陈敬东在一旁看着,等鱼出锅,才开口指点:“鱼炸的火候刚好,皮皱而不焦,就是烧的时候,火再稳一点。我们做卤菜,讲究‘小火入味,大火锁香’,干烧鱼也是一个道理,前面小火慢烧,一定要把鲜味烧进鱼肉里,最后旺火收汁才能亮油,不然鱼肉不入味,外面红亮,里面没味,考核的时候是要扣分的。说起来,这干烧技法是师傅的看家本事,当年他就只手把手教过你这个江一味,我们俩都只学了个皮毛,你只要把师傅教的东西全发挥出来,考核绝对没问题。”

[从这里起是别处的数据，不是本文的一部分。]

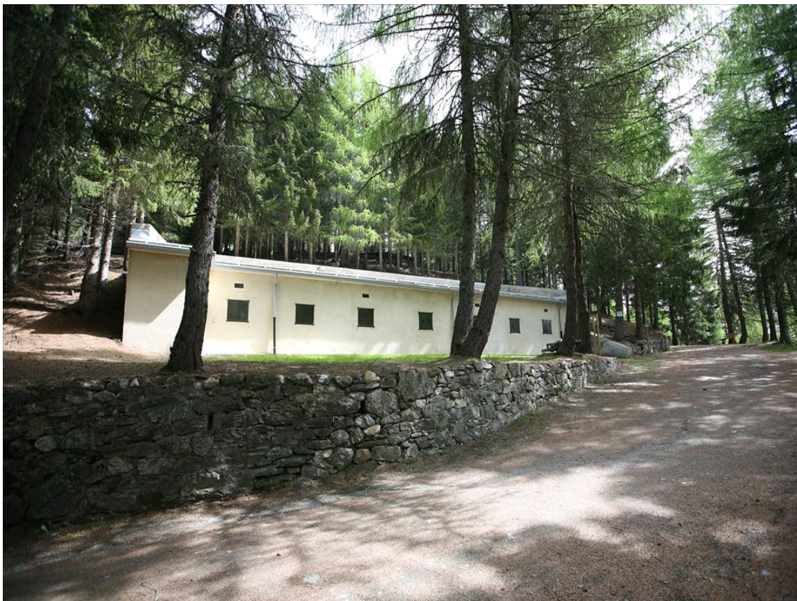
Forte di Oga
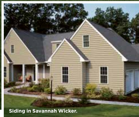
Siding in Savannah Wicker.
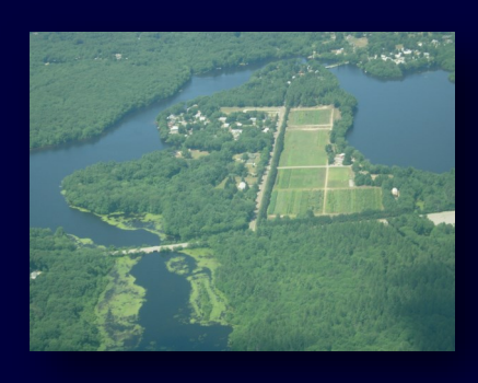
Griswold Research Center, Griswold
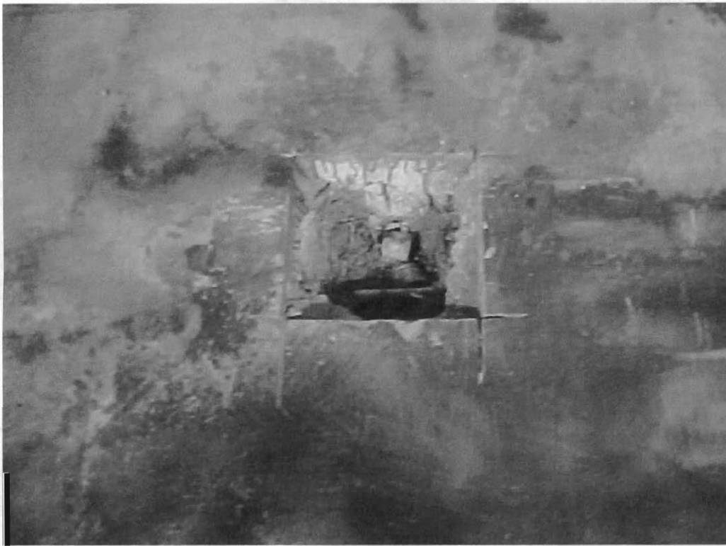
Floor section removed for soil sampling. Results were satisfactory. ↑
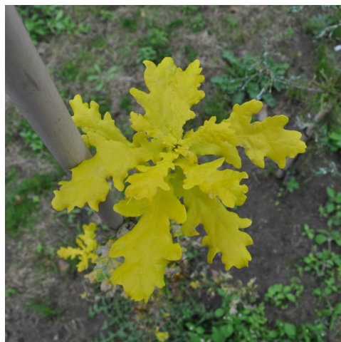
Young Quercus robur ‘Concordia’ graft.

Despite the fact that acorns germinate readily, successful seedling establishment is very difficult. We have never found any young seedlings in the field. Conditions of high humidity are essential for germinated seeds to grow into seedlings. In drier air, the emerged young shoot will dry out. Sometimes, the seed will keep struggling to pro-
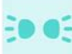
Lamps & Reflectors
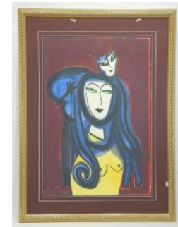
Lot # 181

180 Watercolour signed (Jean) McEwen'74, 16 x 12", "Sans Titre". $1,500 - $2,000
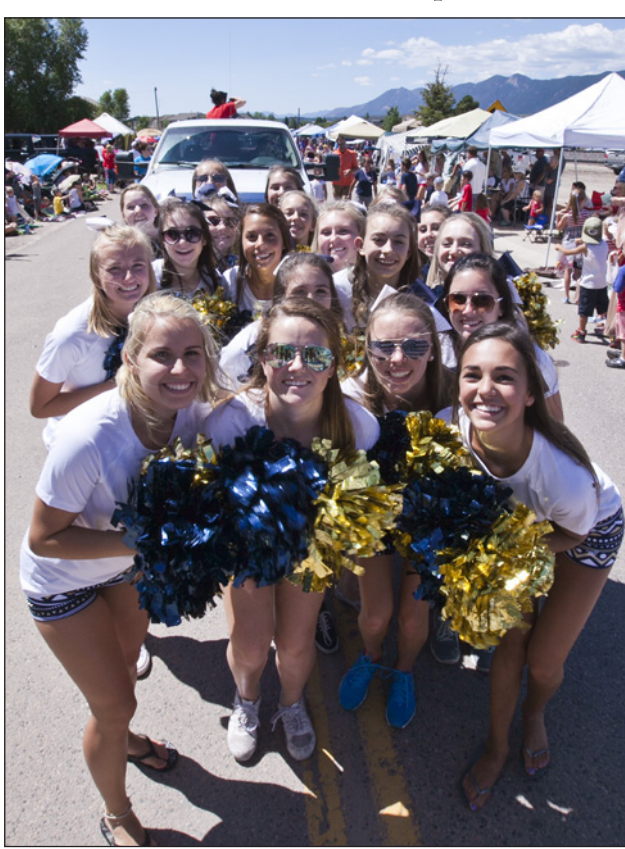
Palmer Ridge High School cheerleaders— Colorado High School 4A Cheer state champions
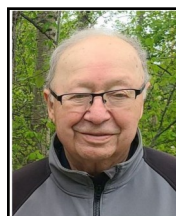
Norm Plato December 1, 2024

WILD RICE Long Grain Organic $12.00 / 1 lb. call: 345-6329
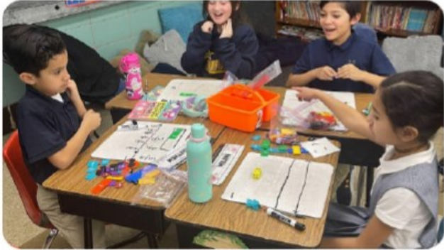
Third graders finding some new ways to have fun with fractions!
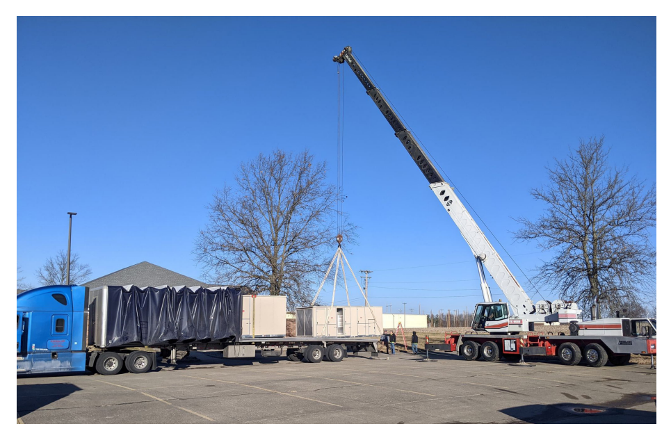
Crane unloading new Mammoth HVAC Unit

If you visited FCC's campus early in March, you might have noticed a crane on campus. This towering presence was not there to construct a new highrise. Instead, it was to install two new Mammoth HVAC units, one for Cox Hall and one for Mason Hall. These units are massive, together they filled an entire full-sized semi-truck bed and each unit weighed in at over 8,500 LBS. Installation went smoothly with only minor hiccups. Both buildings' new HVAC systems are now fully installed and ready to go for the upcoming summer heat.
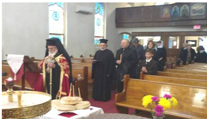
Metropolitan Joseph entering the church Митрополит Йосиф влиза в църквата
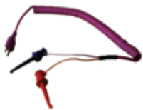
Thermocouple Type E
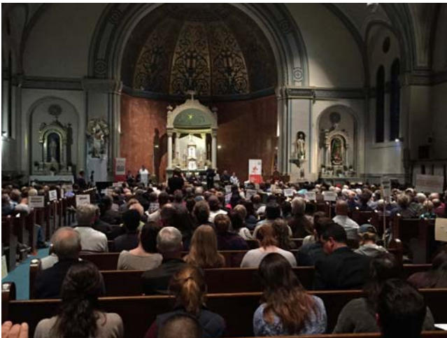
735 delegates strong!
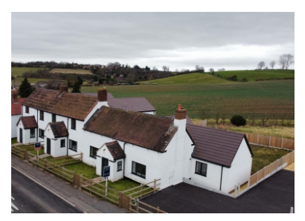
3 Ackleton Meadows, Stableford, Bridgnorth
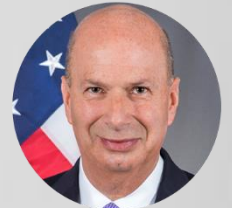
AMB. GORDON SONDLAND

“Absolutely, but we need to get the conversation started and the relationship built, irrespective of the pretext. I am worried about the alternative.”
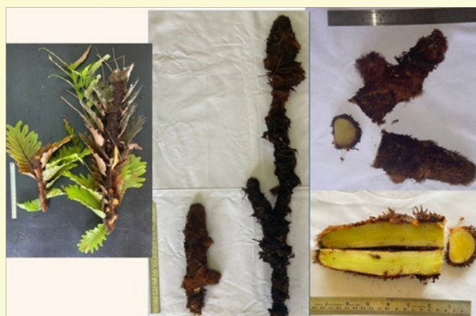
Rhizomes of Drynaria quercifolia

The collections of D. quercifolia rhizomes from nine different host plant (habitat) showed significant difference in the morphological characters, the longest rhizome (127.267 cm), fresh weight of rhizome (2290.00 g) and dry weight of rhizome (917.24 g) was recorded in the collection from coconut followed by Crypteronia paniculata host (129.00 cm, 1906.00 g and 743.81 g respectively) while the lowest value (89.67 cm, 289.70 g and 94.01 g respectively) was recorded from Rhizophora mucronata host plant. The rhizome was subjected to biochemical analysis by following the standard protocols. The biochemical variability among the collected rhizome and skin showed the significant difference, the highest phenolic content (91.13 mg/100g and 92.87 mg/100g respectively), flavonoids (96.70 mg/100g and 78.43 mg/100g respectively) in rhizome and skin was obtained in the rhizomes collected from Crypteronia paniculata host plant. The highest tannin (192.00 mg/100g; 219 mg/100g respectively), saponin (192.50 mg/100g; 183.27 mg/100g respectively) and reducing sugar (384 mg/100g; 379.67 mg/100g respectively) were observed in the fern collected from Mangifera indica host plant. The highest carbohydrate (2045.33 mg/100g; 1910.87 mg/100g respectively) and protein
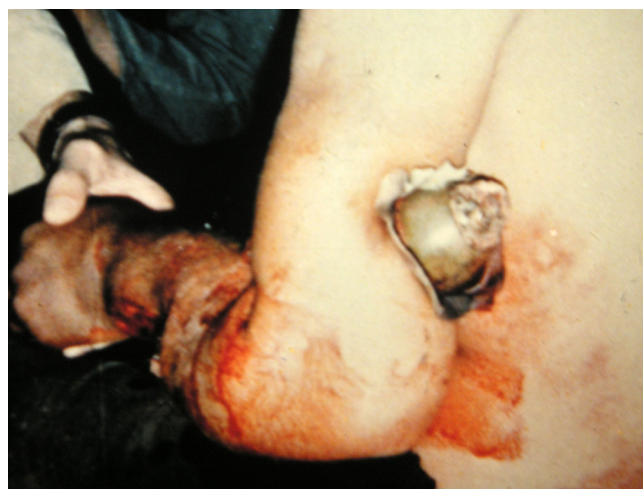
Figure 5. The left upper limb is hit by an unexploded mortar shell. The head of the mortar is seen in the posterior aspect of the arm.
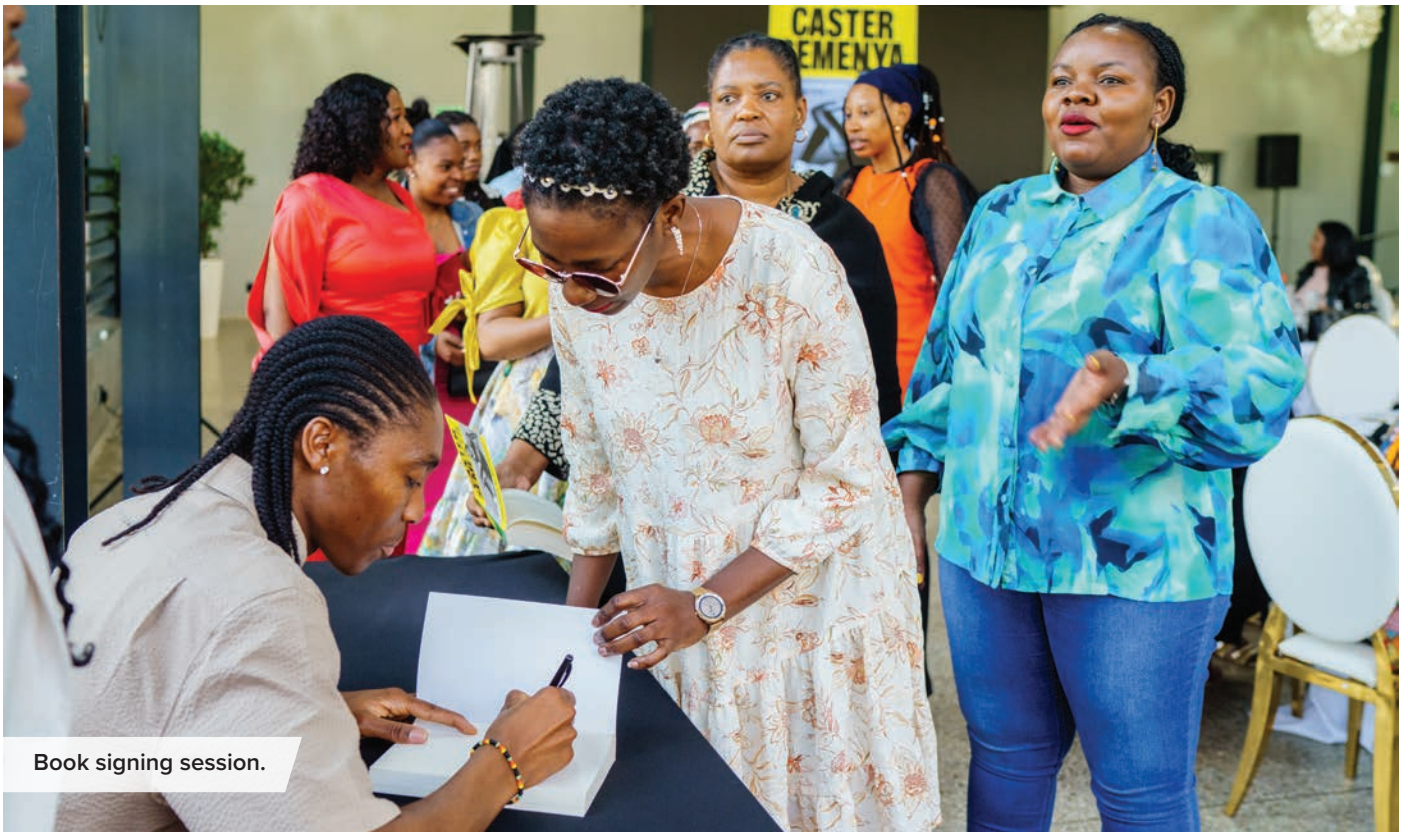
Book signing session.
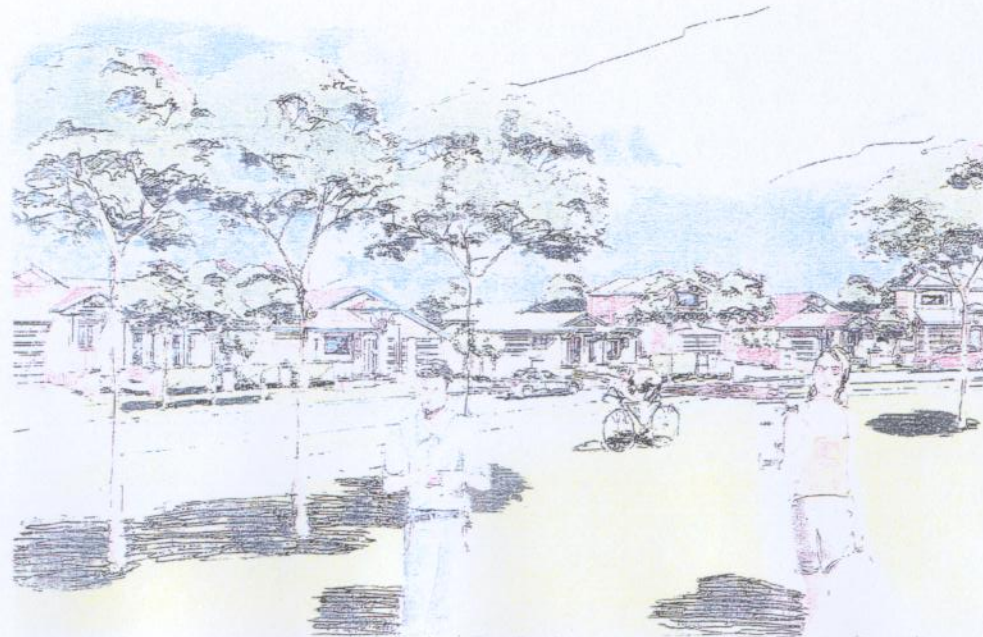
VILLA AND COURTYARD HOUSING FRONTING LOCAL PARK

江霖牢牢记住,又重新调整火候练了一遍,果然鱼肉的入味度比之前好了不少,咸鲜微辣,肉质细嫩,完全符合师傅定的标准。
紧接着是干煸牛肉丝,这是考核的核心菜品之一,江霖按着师傅教的技法,逆纹切8厘米长、0.3厘米粗的均匀肉丝,先煸干水汽,再下调料煸炒,全程旺火快炒,煸到肉丝干香酥嫩,麻辣回甜,根根分明,不粘不坨,完全达到了考核的标准。林晓棠在一旁笑着打趣:“可以啊小师兄,这手艺,比当年你把四季豆煸成炭渣的时候,强太多了,真不愧是师傅亲封的江一味。”
江霖瞪了她一眼,却忍不住笑了,手里的动作却半点没停。
最后一道,就是最考验功底的开水白菜。这道菜是川菜里的清鲜巅峰,也是考核的核心项,最讲究清汤的吊制和火候的把控,稍有差池,味道就天差地别。他按照师傅教的技法,用老母鸡、老鸭、排骨、火腿吊出基础浓汤,再用鸡茸、猪茸反复扫汤三遍,把一锅浓汤吊得清澈如水,却又鲜香味浓,再把焯过水的白菜心放进汤里慢煨,让白菜吸满汤的鲜味,做到软而不烂,入口即化。
陈敬东拿起勺子,舀了一点清汤尝了一口,细细品了品,才开口给他指点:“汤的鲜味够了,也够清,就是还有点细微的油花没撇干净。我们做卤味,讲究的是‘油封汤,汤锁鲜’,但你这道开水白菜,要的是清鲜,一丝浮油都不能有,不然就破了意境。还有煨白菜的火候,还能再稳一点,白菜心要煨得软而不烂,入口即化,才算到位。考核的时候,评委都是行里的老前辈,这些细节,一眼就能看出来。当年师傅就说,这道菜最见川菜的内功,全川菜界,能把这道菜做出师傅七八分神韵的,也就只有你这个江一味了。”
江霖立刻点头,拿起汤勺,按照大师兄说的,重新调整火候,一点点撇干净锅里的油花,每一个步骤都做得格外认真。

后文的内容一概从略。